- EXERCISE INSTRUCTIONS:
Beginning with the line that holds "Plaquette bras ORTOFON 8/2844", set down each line of the data below through the very last, exactly as given, and nothing beyond that.

━━━ DATASET CONTENT ━━━

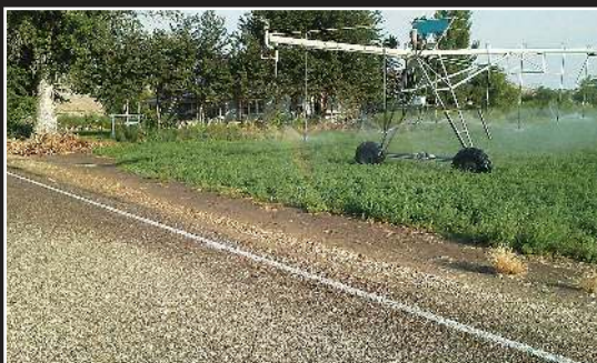
Water spraying across our rural roads DOES create a safety hazard.
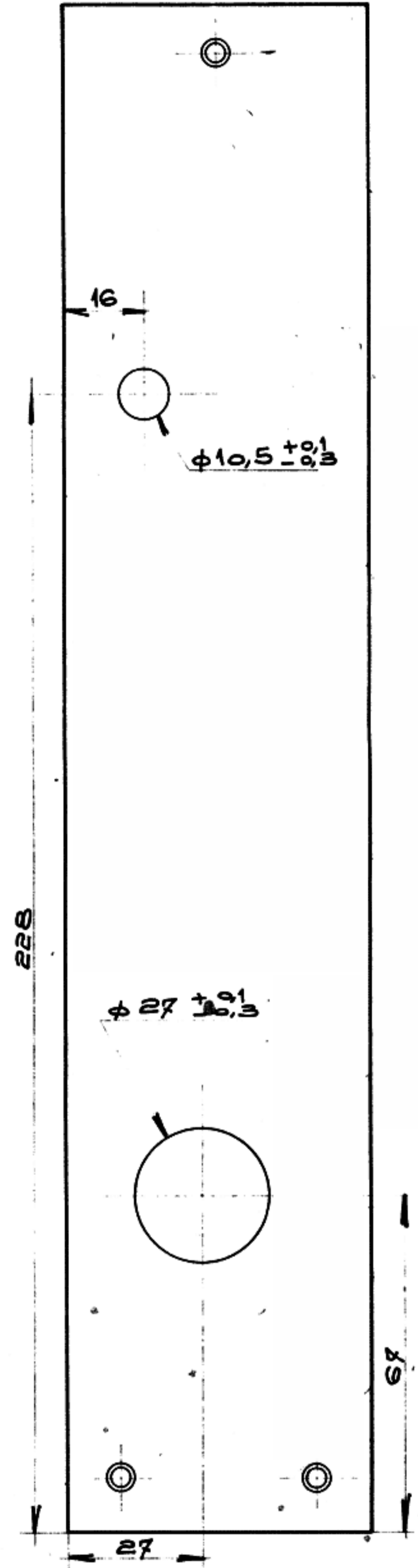
Plaquette bras ORTOFON 8/2844

D.L.M. 21 rue Jeanne D'ARC LAGNY 77 tel. 430-12-30 ERA département Haute fidelité

━━━

- ANSWER BOX:
Plaquette bras ORTOFON 8/2844

D.L.M. 21 rue Jeanne D'ARC LAGNY 77 tel. 430-12-30 ERA département Haute fidelité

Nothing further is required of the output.